How to know when you can trust an agent.
A production AI agent is not "a prompt plus tools." It is a probabilistic distributed system with a language model in the control loop. The same input can produce different actions, so reliability is a distribution, not a property. It calls tools, services, and other agents, so half of "agent quality" is plain reliability engineering. And the non-determinism sits at the decision point, which is exactly what makes these systems powerful and hard to evaluate.
Most writing on agent evaluation is either academic (benchmarks that don't resemble your product) or promotional (a vendor's dashboard, retold). This is neither. It is a working manual, assembled from what the teams shipping the most-used agents actually do, and from original research where the public literature falls short.
The spine of all of it is one sentence:
No autonomy without evaluation. No evaluation without traces. No traces without ownership. No deployment without rollback.
And underneath it, the validity condition the whole discipline turns on: an evaluation is only as trustworthy as the independence between its data and the system under test. The moment the thing being measured is also the thing doing the measuring, you no longer have an evaluation. You have an expensive way of agreeing with yourself.
The six non-negotiables
Strip away the branding and every serious lab converges on the same six moves. Do only these and you are ahead of most teams shipping agents today.
- Grade outcomes, not trajectories. Check the end state of the world, not the path the agent took to get there.
- Look at your own data first. Read real traces and build a failure taxonomy before you choose a single metric.

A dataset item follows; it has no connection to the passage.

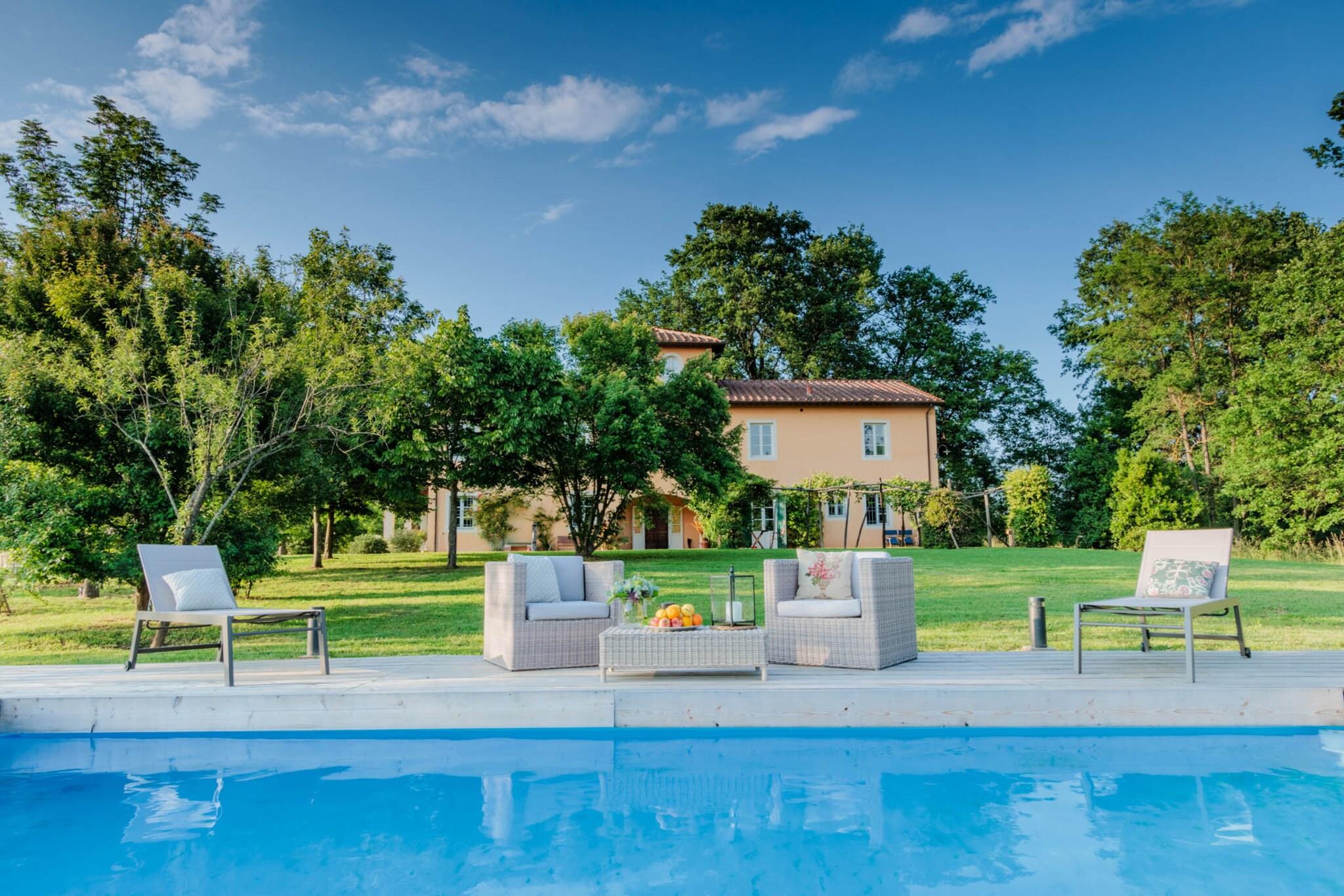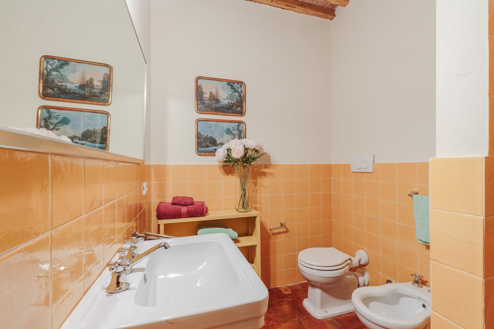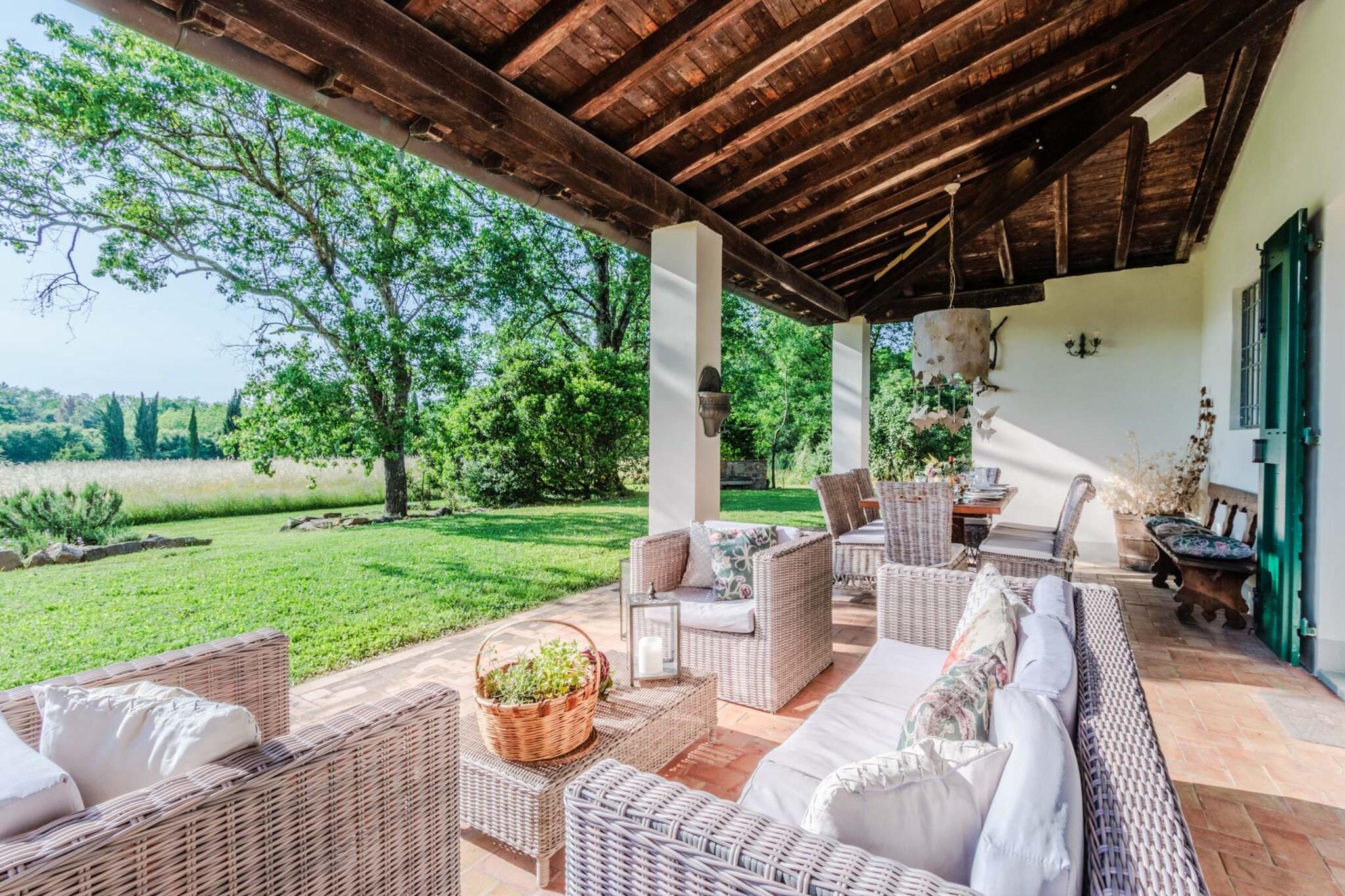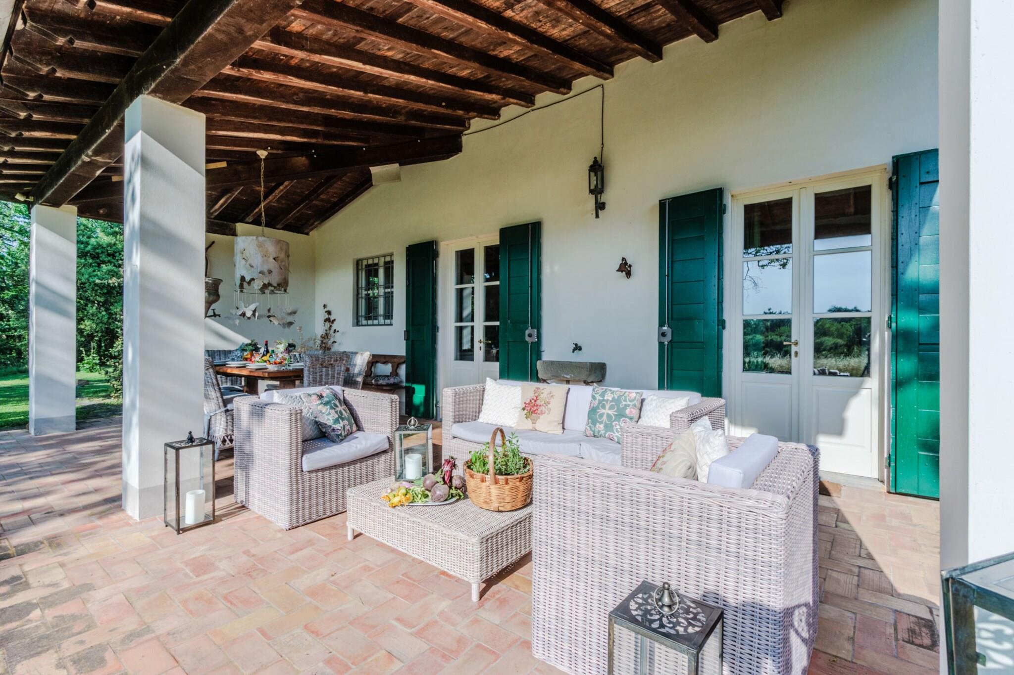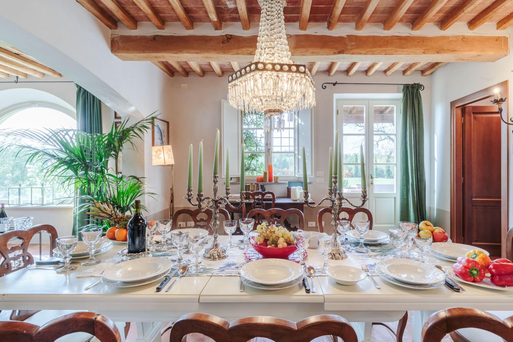 Denna vackert restaurerade villa på landet är en del av en historisk egendom som ägs av en välkänd lokal vinmakare, inbäddad i de böljande kullarna nära Orentano. Omgiven av tusentals hektar orörd skog erbjuder villan en lugn och privat tillflyktsort med privat pool, vidsträckta trädgårdar och panoramautsikt över det toskanska landskapet. Det 300 m² stora huset har fyra rymliga sovrum och flera vardagsrum, med bekväm plats för upp till 8 gäster. Bottenvåningen har ett stort kök, matsal, mysigt vardagsrum med öppen spis och ett badrum. På övervåningen hittar du en mastersvit med eget badrum, ytterligare två sovrum och två badrum. Ett fjärde sovrum ligger på översta våningen. Utomhuslivet är en höjdpunkt här, med en stor veranda för måltider utomhus, en skuggig lounge och en terrass vid poolen som är perfekt för att koppla av med ett glas vin. Villan har ett idealiskt läge för att utforska Toscana och ligger inom bekvämt räckhåll från Lucca, Pisa, Florens, San Gimignano och Cinque Terre. Den närliggande byn Orentano erbjuder restauranger, pizzerior och butiker, medan den större staden Altopascio bara ligger en kort bilresa bort. Oavsett om du njuter av den lugna omgivningen, utforskar närliggande historiska städer eller njuter av lokal mat och vin, erbjuder denna villa en oförglömlig toskansk upplevelse. Obs: Turistskatt ska betalas på boendet.

- The LLM judge is a model you must evaluate. Validate it against a human expert, or every number downstream is fiction.
- Report reliability, not just capability.
pass^k, not pass@1, for anything that acts.
- Security is a separate axis. Capability is not safety. Least privilege and human gates, not "ignore injections."
- Data independence is the validity condition. The agent never writes its own test cases or its own answer key.
What's inside
Seven parts, twenty chapters, three appendices. It moves from the mental model to the lab canon to the machinery to production, adversarial testing, real case studies, and governance.
- Part I — Foundations: the mental model of what you're actually evaluating, and how to generate a golden dataset without fooling yourself.
- Part II — The Lab Canon: how Anthropic, OpenAI, and Google / DeepMind actually evaluate agents.
- Part III — The Core Machinery: LLM-as-a-judge (with a build-and-validate runbook), agent benchmarks worth stealing, and calibration, uncertainty, and abstention as a runtime trust layer.
- Part IV — Production: observability and tooling, and reliability engineering for agents (SLOs, bounded autonomy, graceful failure).
- Part V — Adversarial: security and red-team evaluation, a red-team starter kit for tool-using agents, and a measured exploitation surface.
- Part VI — Practice: production case studies and the applied playbook: how to actually evaluate and ship reliable agents.
- Part VII — Governance & Assurance: risk registers, assurance cases, audit trails, and change management for production agents.
- Appendices: a glossary, ready-to-use templates and artifacts, and an annotated reading list.
Who should read this
- AI / Platform Leads: the full field guide. The machinery and production chapters are the core.
- ML / Software Engineers: the judge runbook, the benchmarks, and the reliability-engineering chapter.
- Security / Compliance: the adversarial part and governance and assurance.
- Engineering leadership: the mental model, the six non-negotiables, and the applied playbook.
Newcomers should read Part I, then the applied playbook, then return for depth. Practitioners can enter at the chapter matching the gap in front of them; the cross-references pull in the rest.